BRODER POUR RÉSISTER

La Mue/tte
Marionnettes, Musique
En résidence au Lycée Lapie

Recherche et ateliers autour de la création Les Folles

Depuis de nombreuses années, La Méridienne – Théâtre de Lunéville et le Lycée Paul Lapie travaillent en étroite collaboration pour l’ouverture culturelle des jeunes. Forts des différentes expériences significatives telles que le Carré de Culture avec la compagnie Ormone en 2013, ou l’organisation du Love Bal avec la compagnie L’Aéronef en 2016, c’est tout naturellement que nous avons imaginé un nouveau partenariat pour l’année 2016 – 2017.

Cette nouvelle saison scolaire coïncide avec les premières étapes de recherche de la compagnie nancéienne La Mue/tte, autour de son futur projet de création Les Folles.

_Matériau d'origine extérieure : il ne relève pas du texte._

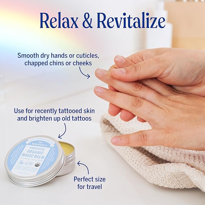 • DR. BRONNER’S ORGANIC MAGIC BALM IS VERSATILE: Our balm is a multifunctional product—like most of our products! It can be used to heal dry hands, face, body, cuticles, chins & cheeks. Apply to chafed skin where needed & get relief.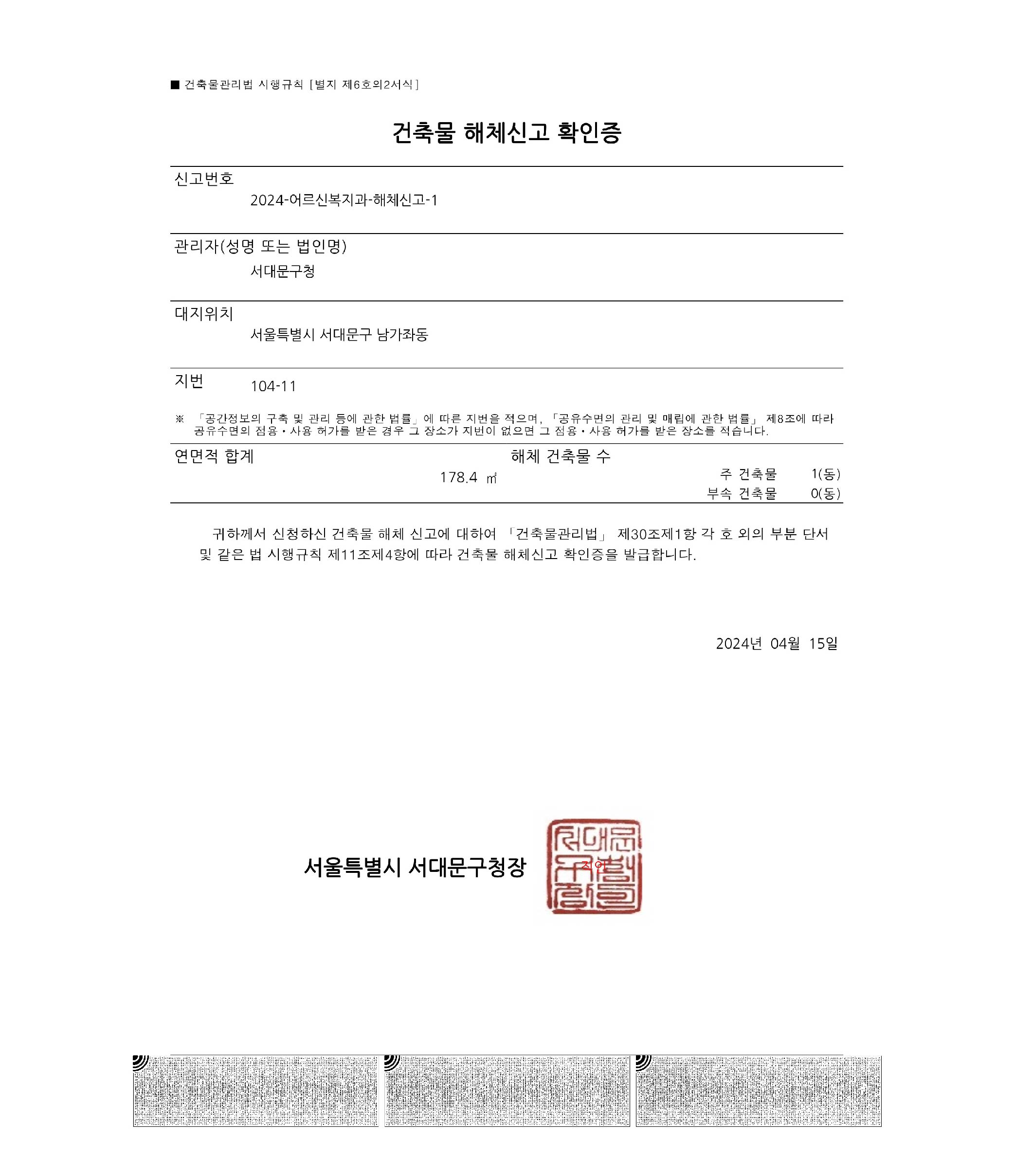 서대문구 남가좌동 104-11 건축물 해체계획서용역(신고)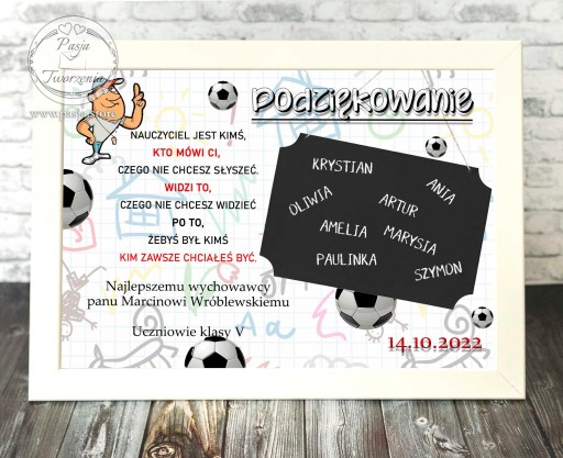 Ta aukcja dotyczy zakupu jednej personalizowanej ramki dla nauczyciela na dowolną uroczystość.
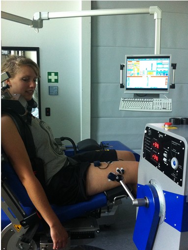 学生在膝关节康复训练中观察股直肌和外侧头的肌电活动 |
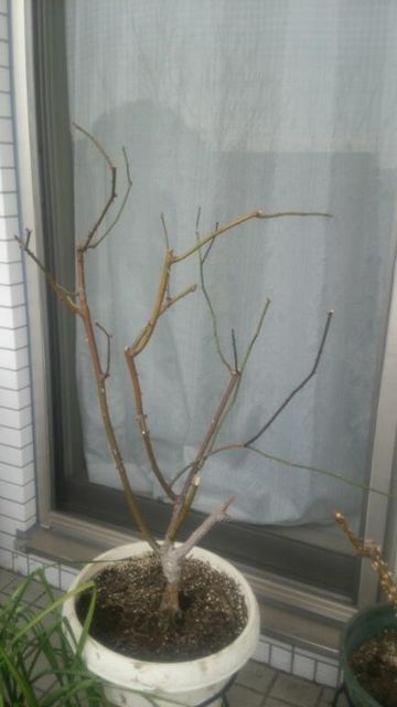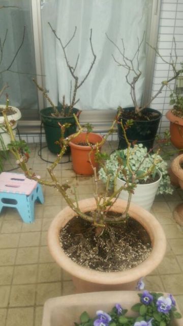 剪定後の現在お姿。エモさまはかなりの横張りのお方なので毎年内芽で切ってこの感じです。株はかなり樹っぽい感じで太くなりました。本当はもっと大きく育てて沢山大きなお花を咲かせるはずです。今はかなり沢山芽が動いているので今年はまた花数が戻るといいなぁ。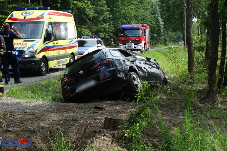 Wypadek w Budach Głogowskich. Auto wpadło do rowu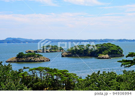 宮城県 松島町 松島湾 遊歩道から布袋島、毘沙門島、大黒島を展望する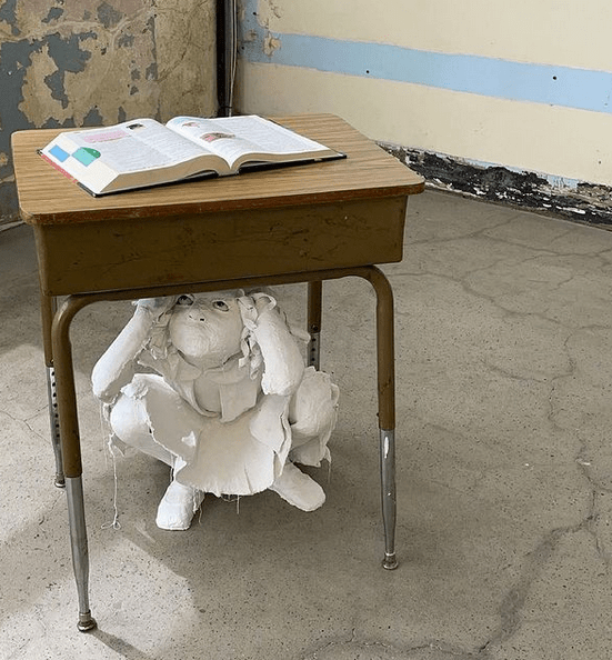 School and educational iconography are well represented through the artwork on view in Feedback. Karon Davis’ cast sculptures portray two starkly different realities about being a student in America. A group of girls jumping rope represents the social benefits of education through play and collaboration; while the girl cowering under her desk addresses school safety issues, especially the increasing amount of students who are subjected to gun violence on campus.

Cette compagnie, qui développe un langage très personnel à partir de la notion de corps marionnettique et musical est bien connue des personnels et élèves du lycée. En 2014-2015, il y ont travaillé et joué leur précédant spectacle, et dirigé des ateliers de pratique artistique. L’opportunité pour les artistes de s’installer à nouveau au lycée pour une résidence de création, nous a semblé pertinente, pour tous les acteurs du projet. Un projet qui permettrait aux élèves de se confronter réellement au monde des arts du spectacle, avec des partenaires dont c’est le métier, de s’ouvrir et de se cultiver, ainsi qu’un rayonnement auprès de l’ensemble de l’établissement (élèves des autres sections, personnel et parents d’élèves).

Depuis sa création en 2014, La Mue/tte reçoit le soutien de La Méridienne. Le spectacle L’un dans l’autre a été coproduit par la scène conventionnée et accueilli dans la saison 2015-2016 pour trois représentations. L’homme orchestre a également inauguré la 4ème édition du Festival FACTO. La confiance et l’exigence artistique partagées motivent notre désir d’une nouvelle aventure commune, dont le Lycée Paul Lapie pourrait être le terrain fertile.

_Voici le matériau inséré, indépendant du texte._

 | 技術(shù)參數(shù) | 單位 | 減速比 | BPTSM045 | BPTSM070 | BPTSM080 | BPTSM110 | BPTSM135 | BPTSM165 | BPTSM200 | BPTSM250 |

Une résidence de création autour des Folles de la Place de Mai

Si la Compagnie La Mue/tte est installée en Lorraine, son désir est de tisser un lien entre l’Europe et l’Amérique latine, de croiser les influences, les esthétiques et les thématiques. De trouver les échos possibles entre les deux cultures.

Dans cette optique, le projet Les Folles veut rendre hommage aux « Folles de la Place de Mai », ces mères argentines reconnues mondialement pour la lutte acharnée qu’elles menèrent dans le but de retrouver leurs enfants, victimes de la dictature. Et à travers ce symbole argentin, trouver la portée universelle de ce regard posé sur une société en mutation.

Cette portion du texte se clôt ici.